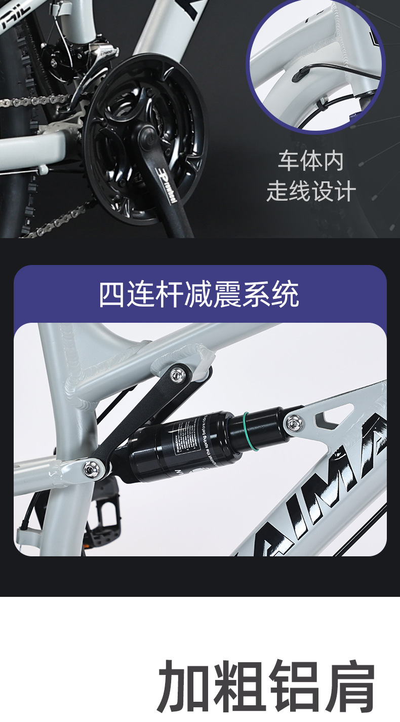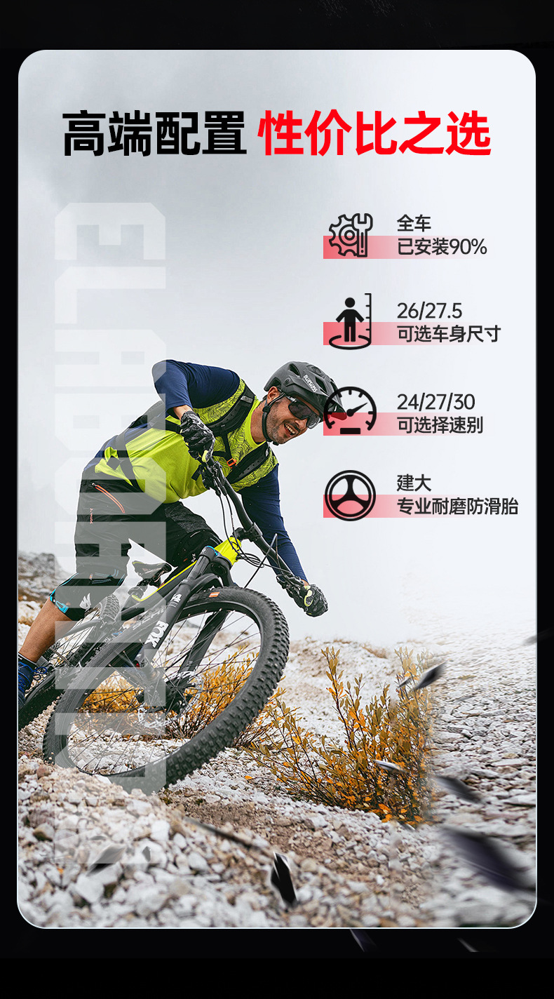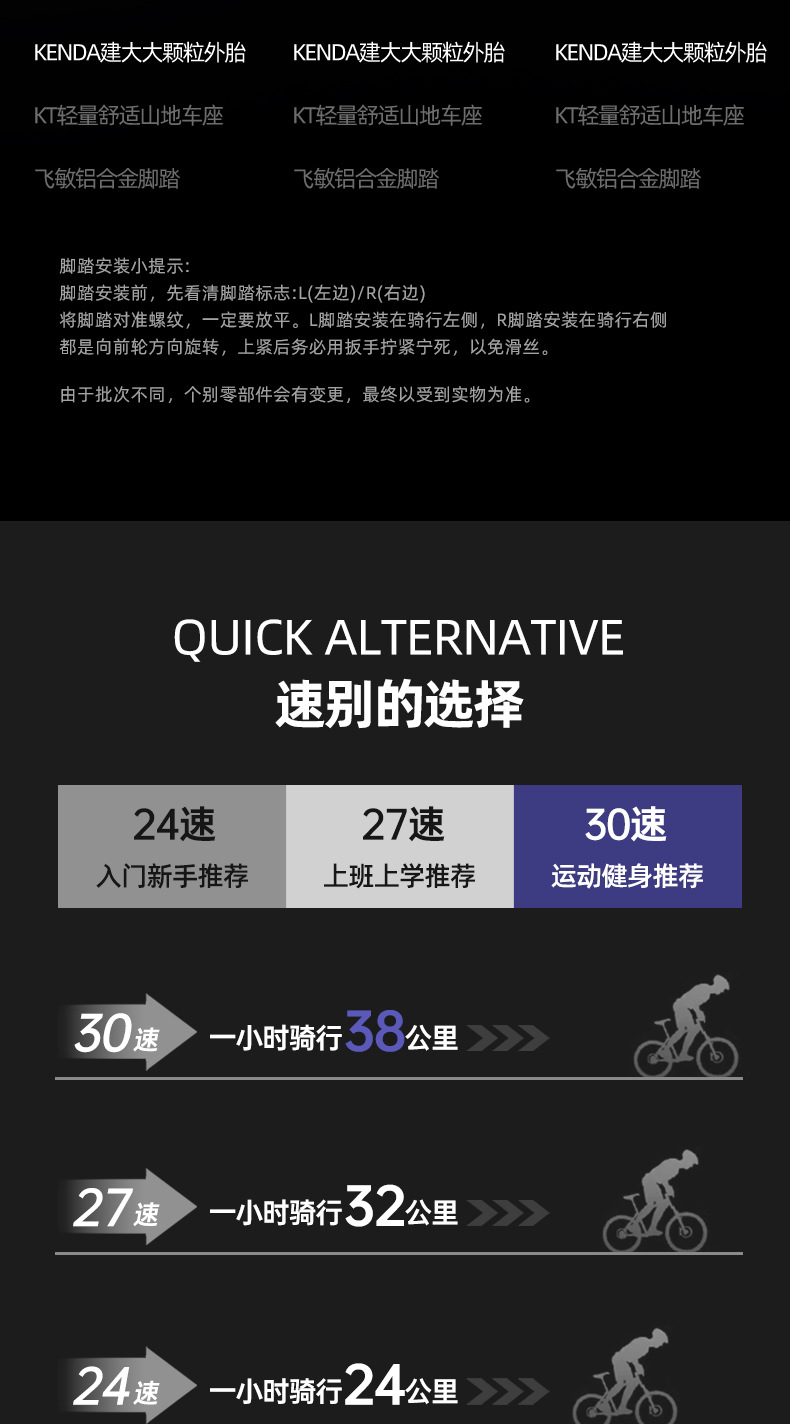 | Tamaño | 26 pulgadas-24 velocidades (adecuado para más de 160),26 pulgadas-27 velocidades (adecuado para más de 160),26 pulgadas-30 velocidades (adecuado para más de 160),27,5 pulgadas-24 velocidades (adecuado para más de 175),27,5 pulgadas-27 velocidades (adecuado para más de 175),27,5 pulgadas-30 velocidades (adecuado para más de 175) |
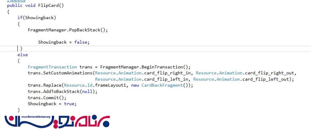 مرحله 12- صفحه MainActivity.cs را باز کرده و در زیر OnCreate() ، یک کلاس برای FlipCard ایجاد کنید.
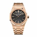 The Audemars Piguet Royal Oak 15500OR.OO.1220OR.01 Replica is a luxury watch crafted with 904L stainless steel in a rose gold color. The case is 41.00 mm in size and features a sapphire crystal. The bracelet is also crafted from 904L stainless steel and is adjustable for all sizes. The dial is black with a stick. dot indices. and Royal Oak hour markers.
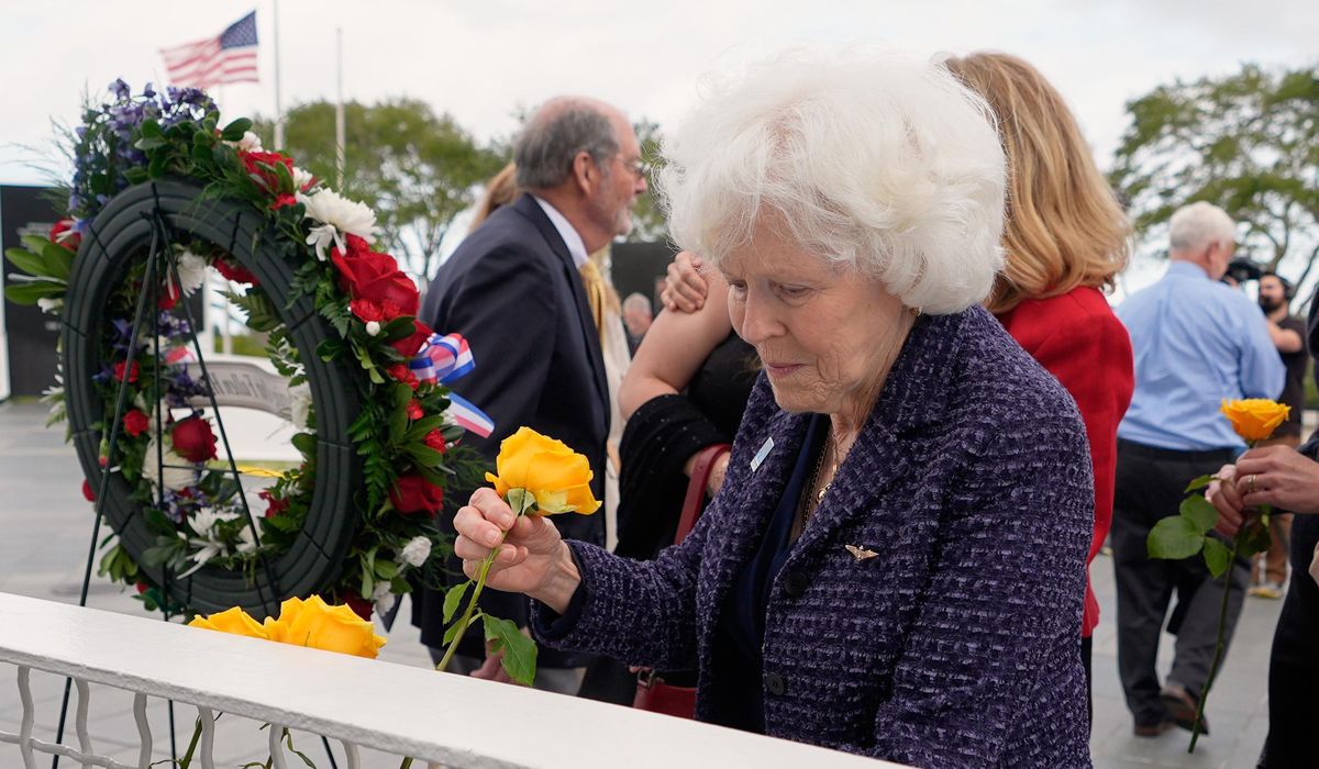 Challenger’s crew included schoolteacher Christa McAuliffe, who was selected from more than 100 teachers representing every state. Two of her fellow teacher-in-space contenders – both retired now – attended the memorial.

•••••

**WORK ORDER**
Reproduce all of the material exactly, apart from the pictures.

**EXERCISE ANSWER**
 | Tamaño | 26 pulgadas-24 velocidades (adecuado para más de 160),26 pulgadas-27 velocidades (adecuado para más de 160),26 pulgadas-30 velocidades (adecuado para más de 160),27,5 pulgadas-24 velocidades (adecuado para más de 175),27,5 pulgadas-27 velocidades (adecuado para más de 175),27,5 pulgadas-30 velocidades (adecuado para más de 175) |
 مرحله 12- صفحه MainActivity.cs را باز کرده و در زیر OnCreate() ، یک کلاس برای FlipCard ایجاد کنید.
 The Audemars Piguet Royal Oak 15500OR.OO.1220OR.01 Replica is a luxury watch crafted with 904L stainless steel in a rose gold color. The case is 41.00 mm in size and features a sapphire crystal. The bracelet is also crafted from 904L stainless steel and is adjustable for all sizes. The dial is black with a stick. dot indices. and Royal Oak hour markers.
 Challenger’s crew included schoolteacher Christa McAuliffe, who was selected from more than 100 teachers representing every state. Two of her fellow teacher-in-space contenders – both retired now – attended the memorial.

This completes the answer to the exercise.